EXERCISE DIRECTIONS:
Would you print the lines below exactly, beginning at the line that has "ARNE JACOBSEN WATCHES/BANKERS/TABLE" and stopping after the line that has "Пентхаус включает в"? Only those lines, and no pictures.

EXTRACTED INFORMATION:
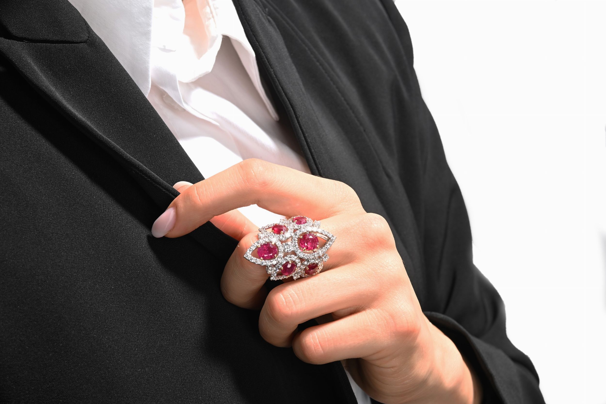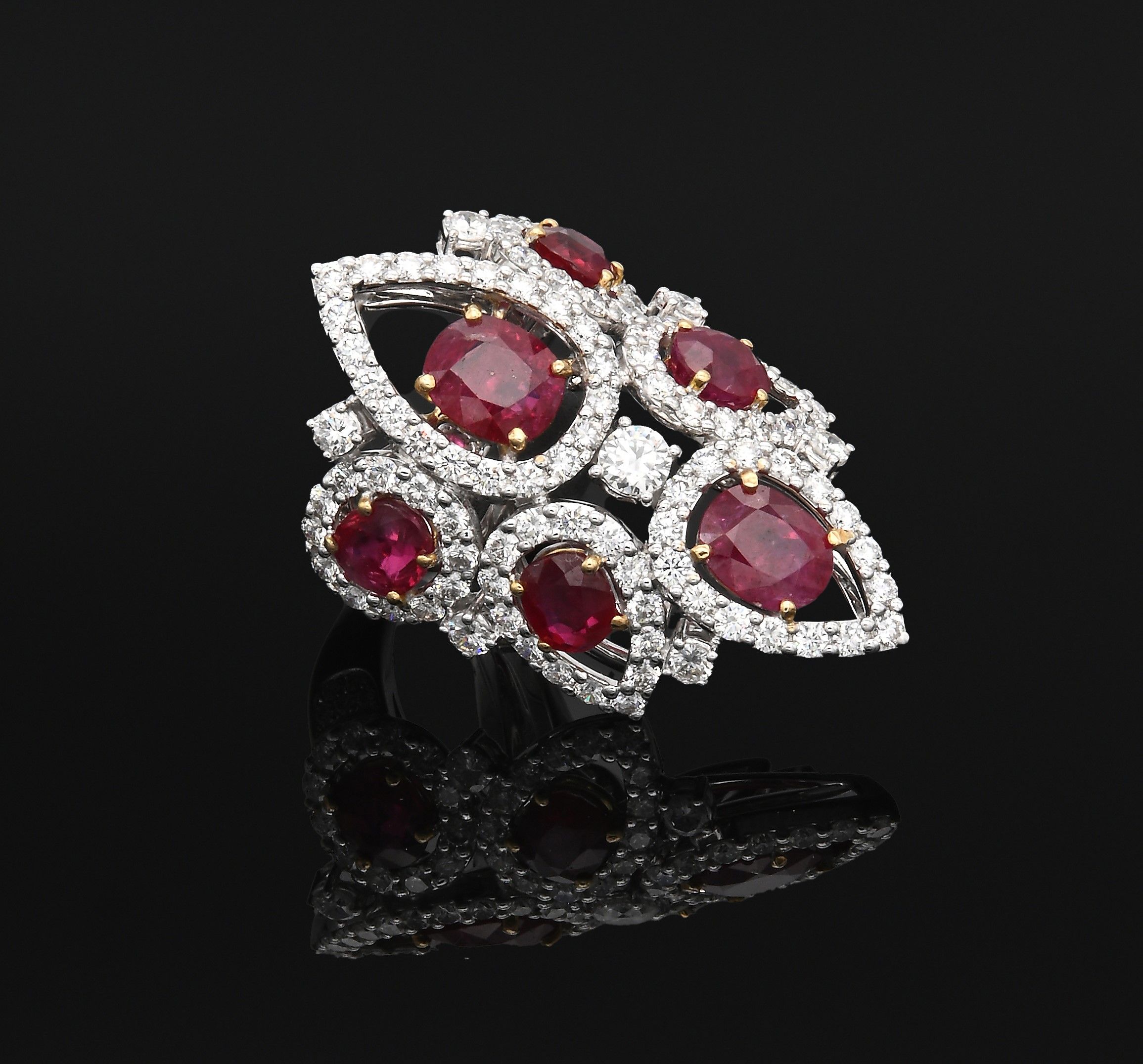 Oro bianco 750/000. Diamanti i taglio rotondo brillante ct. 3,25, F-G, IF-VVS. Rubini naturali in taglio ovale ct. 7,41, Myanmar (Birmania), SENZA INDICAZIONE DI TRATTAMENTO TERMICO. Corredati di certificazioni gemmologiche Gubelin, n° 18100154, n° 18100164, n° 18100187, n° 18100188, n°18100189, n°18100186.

---

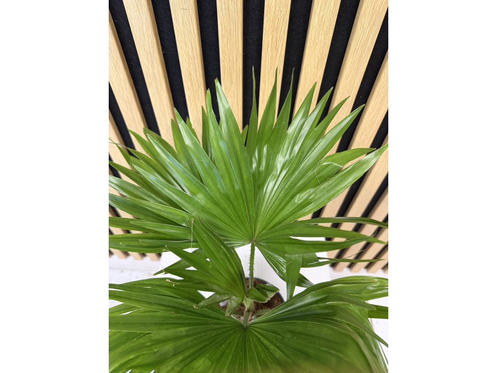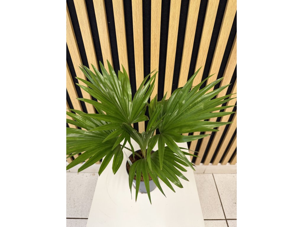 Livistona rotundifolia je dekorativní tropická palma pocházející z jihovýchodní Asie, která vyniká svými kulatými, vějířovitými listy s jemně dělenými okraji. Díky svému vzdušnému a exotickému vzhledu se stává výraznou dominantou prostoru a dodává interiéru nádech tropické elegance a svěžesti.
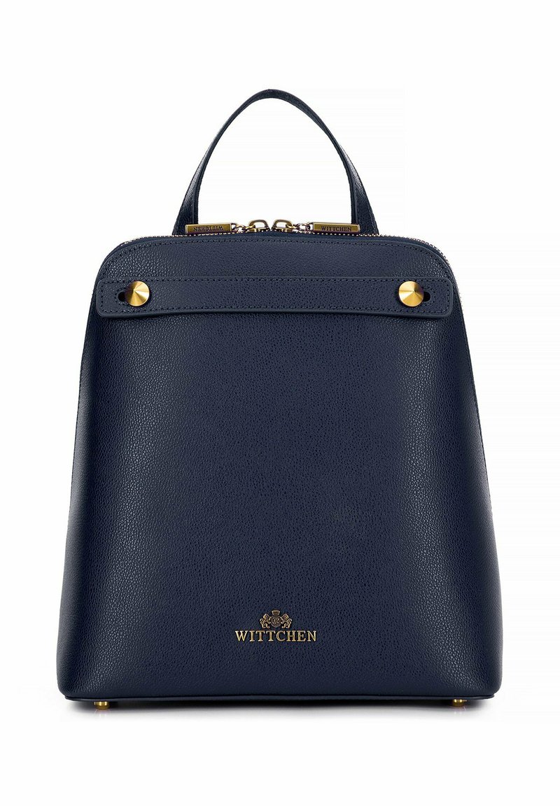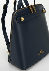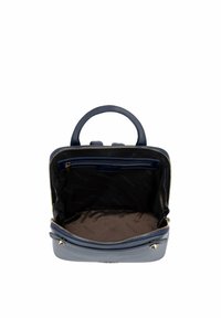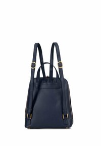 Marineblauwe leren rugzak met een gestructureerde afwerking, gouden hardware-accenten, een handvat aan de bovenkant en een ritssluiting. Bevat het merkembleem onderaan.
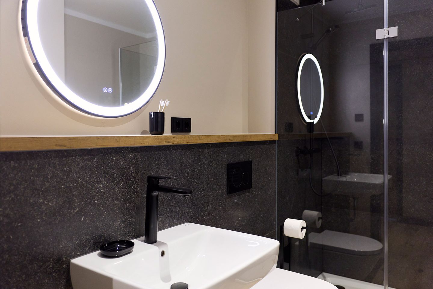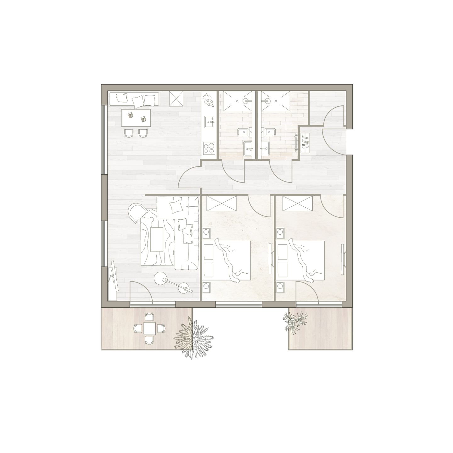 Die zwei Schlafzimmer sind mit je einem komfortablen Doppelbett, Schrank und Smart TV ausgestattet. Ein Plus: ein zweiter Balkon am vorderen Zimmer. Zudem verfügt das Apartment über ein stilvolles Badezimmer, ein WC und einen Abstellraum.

==

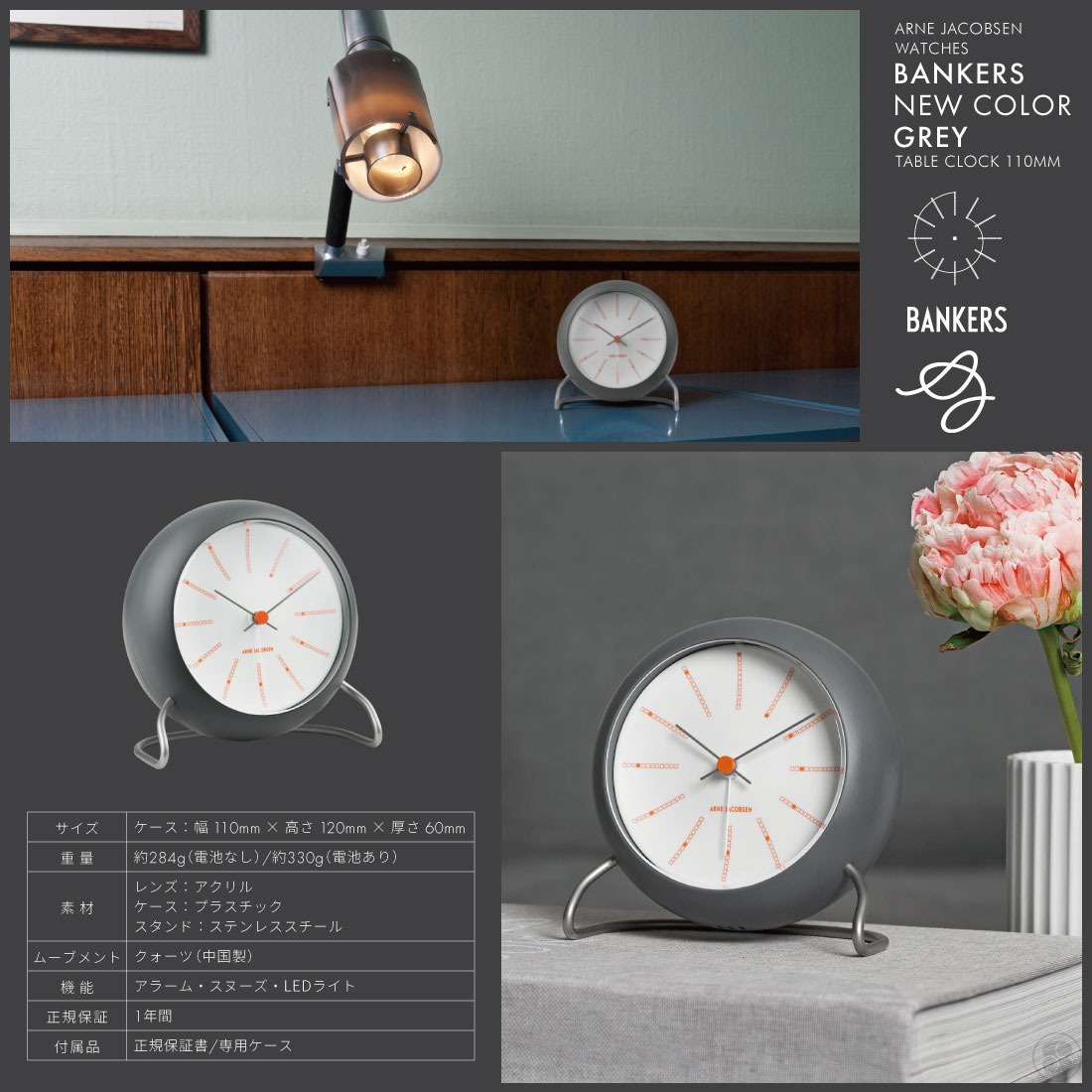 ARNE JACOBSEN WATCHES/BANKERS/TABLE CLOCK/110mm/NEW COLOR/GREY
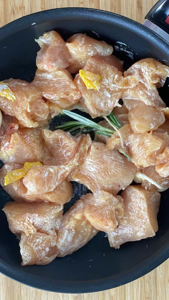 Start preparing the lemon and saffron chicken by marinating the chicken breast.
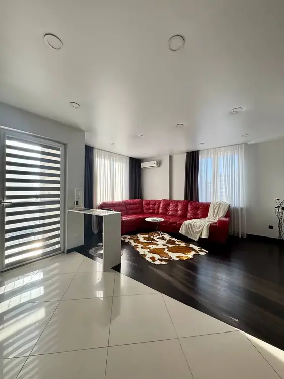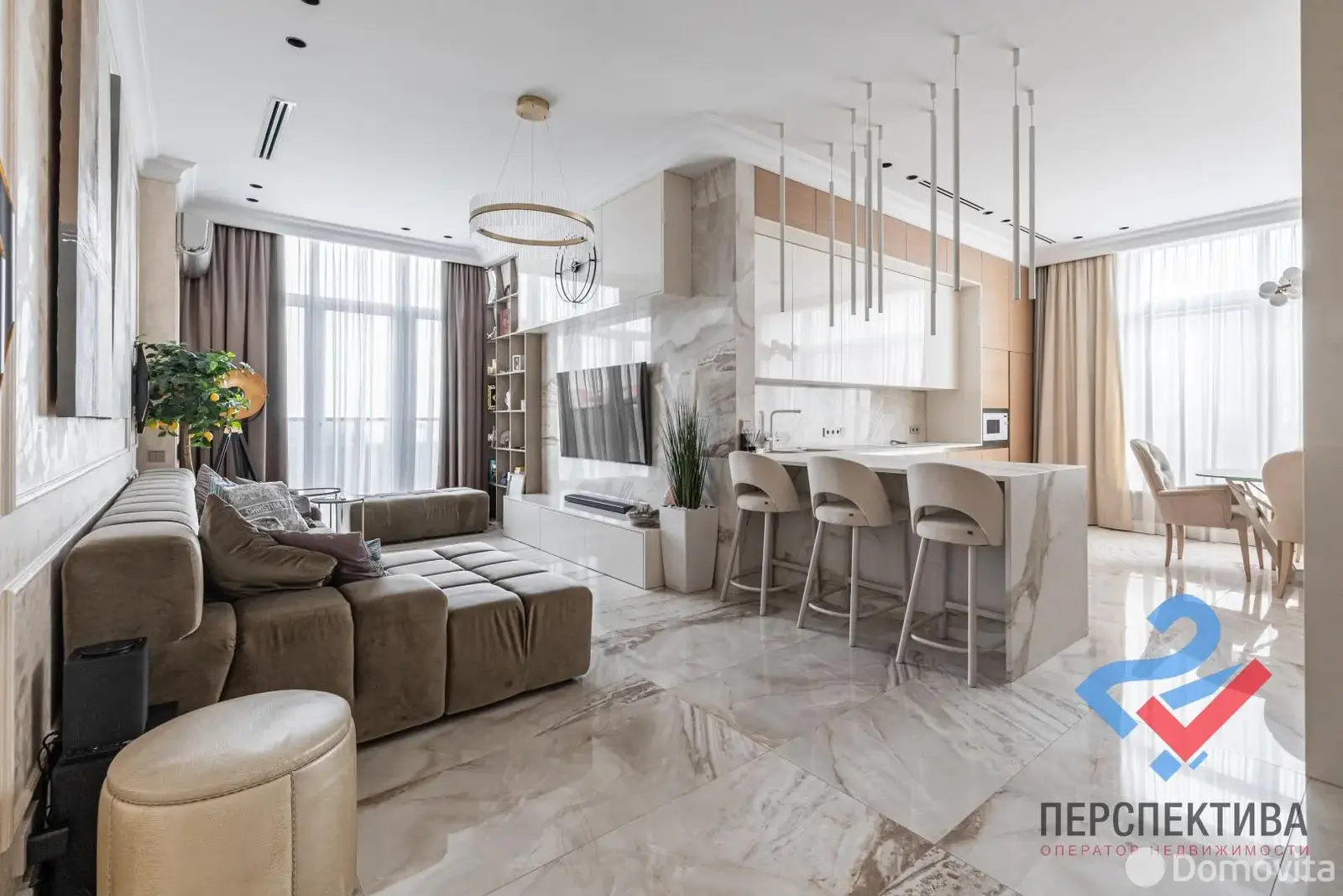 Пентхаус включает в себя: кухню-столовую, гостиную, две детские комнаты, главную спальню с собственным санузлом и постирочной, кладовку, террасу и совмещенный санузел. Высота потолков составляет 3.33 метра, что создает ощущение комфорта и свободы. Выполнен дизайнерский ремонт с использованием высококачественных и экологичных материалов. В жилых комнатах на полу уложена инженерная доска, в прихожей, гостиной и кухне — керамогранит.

FINISHED EXERCISE:
 ARNE JACOBSEN WATCHES/BANKERS/TABLE CLOCK/110mm/NEW COLOR/GREY
 Start preparing the lemon and saffron chicken by marinating the chicken breast.
 Пентхаус включает в себя: кухню-столовую, гостиную, две детские комнаты, главную спальню с собственным санузлом и постирочной, кладовку, террасу и совмещенный санузел. Высота потолков составляет 3.33 метра, что создает ощущение комфорта и свободы. Выполнен дизайнерский ремонт с использованием высококачественных и экологичных материалов. В жилых комнатах на полу уложена инженерная доска, в прихожей, гостиной и кухне — керамогранит.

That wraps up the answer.